» Source data:

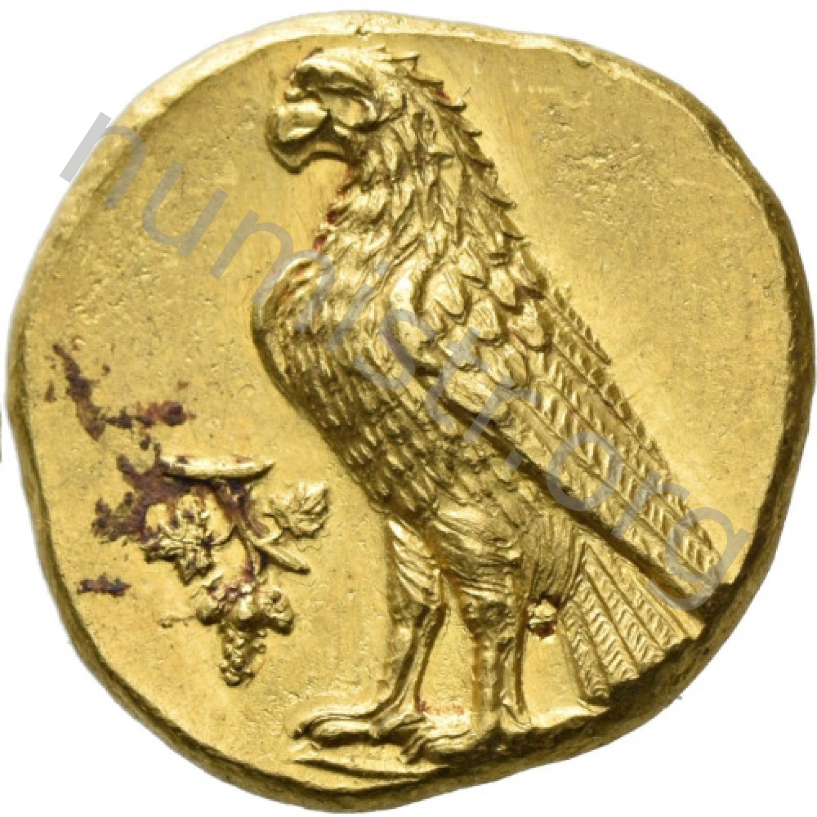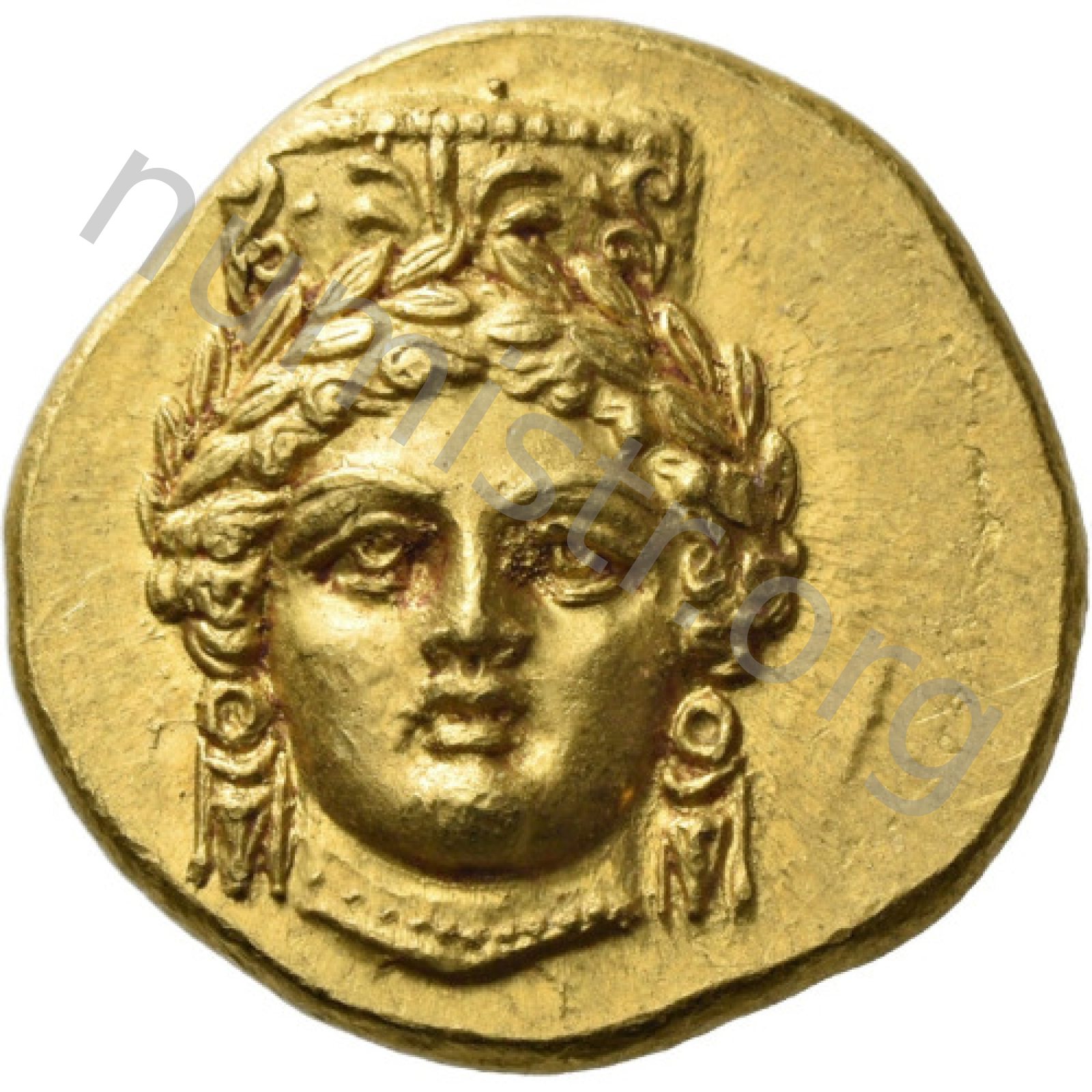 Head of Artemis facing wearing stephane and earrings. -[en]
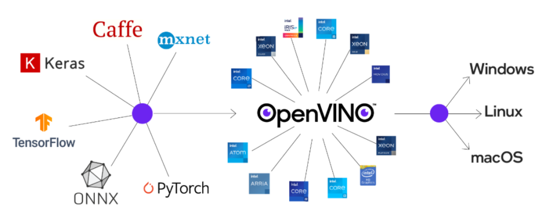 OpenVINO™工具套件是英特尔针对自家硬件平台开发的一套深度学习工具库,包含推理库,模型优化等等一系列与深度学习模型部署相关的功能。同时可以兼容各种开源框架训练好的模型,拥有算法模型上线部署的各种能力,只要掌握了该工具,你可以轻松的将预训练模型在Intel的CPU、VPU等设备上快速部署起来。
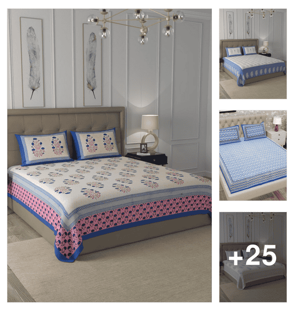 printed double bedsheet with 2 pillow cover
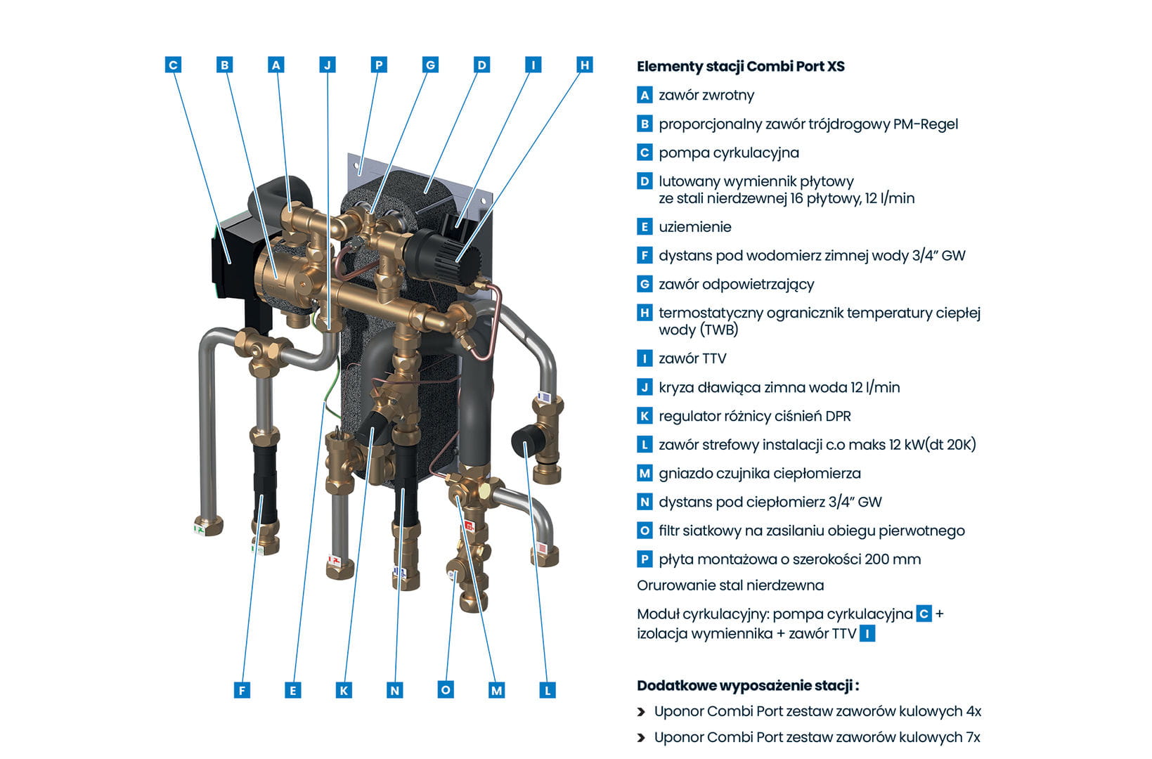 Uponor Combi Port XS [dawniej M90] to kompaktowe rozwiązanie do wytwarzania ciepłej wody i dystrybucji centralanego ogrzewania, zaprojektowane specjalnie z myślą o polskich klientach. Dostępnych jest aż pięć gotowych konfiguracji stacji Combi Port XS, istnieje również możliwość wykonania dodatkowych wariantów stacji na zamówienie. Dowiedz się więcej o Aqua & Combi Port.
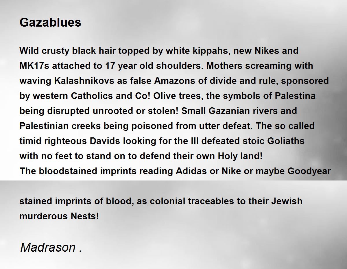 Wild crusty black hair topped by white kippahs, new Nikes and MK17s attached to 17 year old shoulders. Mothers screaming with waving Kalashnikovs as false Amazons of divide and rule, sponsored by western Catholics and Co! Olive trees, the symbols of Palestina being disrupted unrooted or stolen! Small Gazanian rivers and Palestinian creeks being poisoned from utter defeat. The so called timid righteous Davids looking for the Ill defeated stoic Goliaths with no feet to stand on to defend their own Holy land!
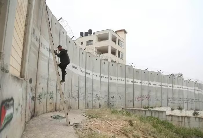 Một người Palestine từ Bờ Tây tìm cách vượt qua bức tường an ninh của Israel. Ảnh: Anadolu
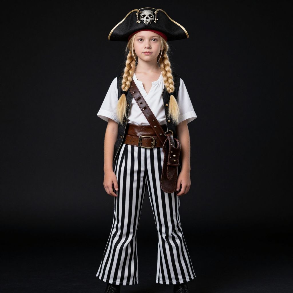 Photograph of a young blonde girl with braided hair, wearing a pirate hat, white shirt, brown belt, and black-and-white striped pants,
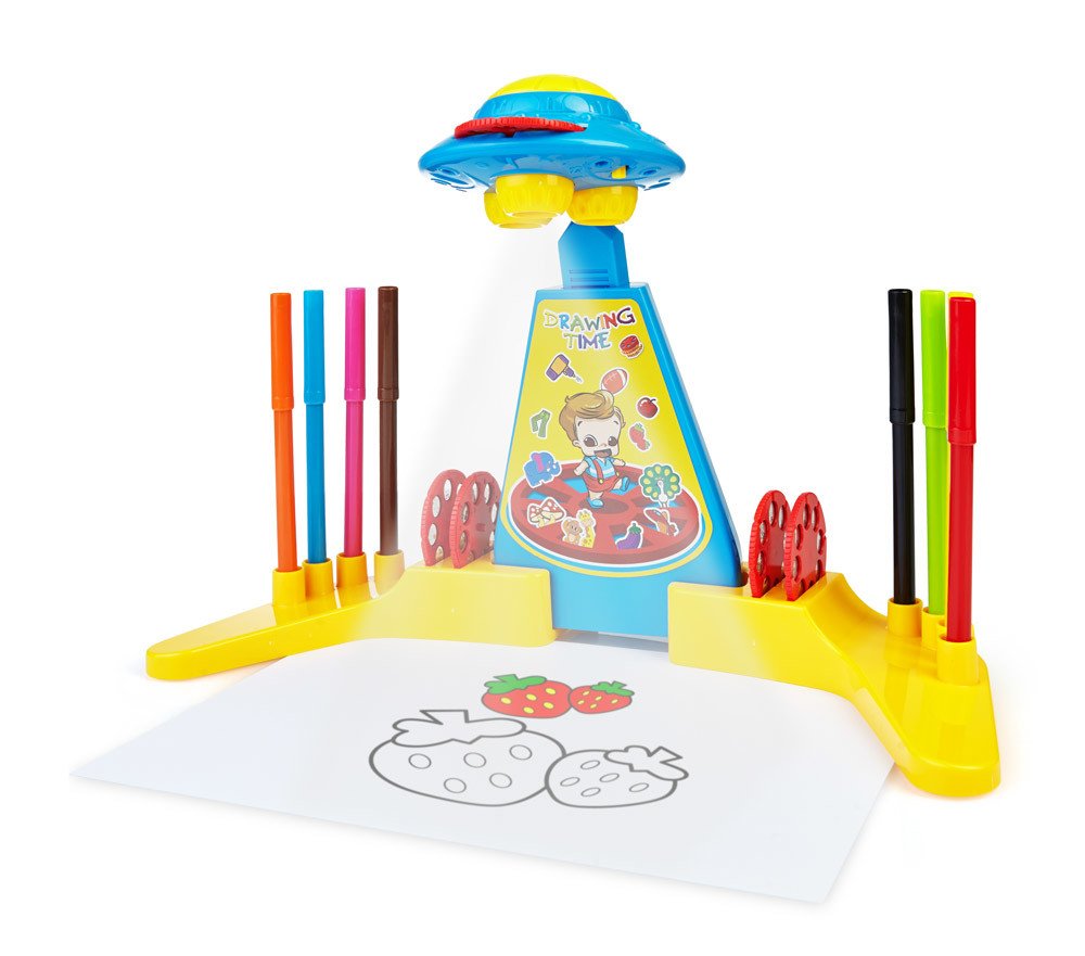 Zábavnou formou projektor na malování naučí děti kreslit a vymalovávat. Do projektoru vložíte kolečko s obrázky a projektor vše zobrazí na papír nebo na stůl. Pak už stačí jen vyměňovat obrázky a kreslit nebo vymalovávat.
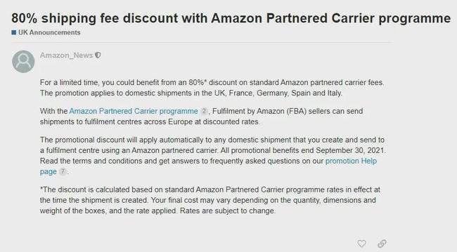 近期,亞馬遜歐洲站宣布將推出合作承運商8折運費優(yōu)惠,該活動將持續(xù)到2021年9月30日,適用于英國、法國、德國、西班牙、意大利的國內運輸。公告內容如下:

» Problem: Where the data includes pictures, leave them out and write out everything else exactly.

» Result of the exercise:
 Head of Artemis facing wearing stephane and earrings. -[en]
 OpenVINO™工具套件是英特尔针对自家硬件平台开发的一套深度学习工具库,包含推理库,模型优化等等一系列与深度学习模型部署相关的功能。同时可以兼容各种开源框架训练好的模型,拥有算法模型上线部署的各种能力,只要掌握了该工具,你可以轻松的将预训练模型在Intel的CPU、VPU等设备上快速部署起来。
 printed double bedsheet with 2 pillow cover
 Uponor Combi Port XS [dawniej M90] to kompaktowe rozwiązanie do wytwarzania ciepłej wody i dystrybucji centralanego ogrzewania, zaprojektowane specjalnie z myślą o polskich klientach. Dostępnych jest aż pięć gotowych konfiguracji stacji Combi Port XS, istnieje również możliwość wykonania dodatkowych wariantów stacji na zamówienie. Dowiedz się więcej o Aqua & Combi Port.
 Wild crusty black hair topped by white kippahs, new Nikes and MK17s attached to 17 year old shoulders. Mothers screaming with waving Kalashnikovs as false Amazons of divide and rule, sponsored by western Catholics and Co! Olive trees, the symbols of Palestina being disrupted unrooted or stolen! Small Gazanian rivers and Palestinian creeks being poisoned from utter defeat. The so called timid righteous Davids looking for the Ill defeated stoic Goliaths with no feet to stand on to defend their own Holy land!
 Một người Palestine từ Bờ Tây tìm cách vượt qua bức tường an ninh của Israel. Ảnh: Anadolu
 Photograph of a young blonde girl with braided hair, wearing a pirate hat, white shirt, brown belt, and black-and-white striped pants,
 Zábavnou formou projektor na malování naučí děti kreslit a vymalovávat. Do projektoru vložíte kolečko s obrázky a projektor vše zobrazí na papír nebo na stůl. Pak už stačí jen vyměňovat obrázky a kreslit nebo vymalovávat.
 近期,亞馬遜歐洲站宣布將推出合作承運商8折運費優(yōu)惠,該活動將持續(xù)到2021年9月30日,適用于英國、法國、德國、西班牙、意大利的國內運輸。公告內容如下:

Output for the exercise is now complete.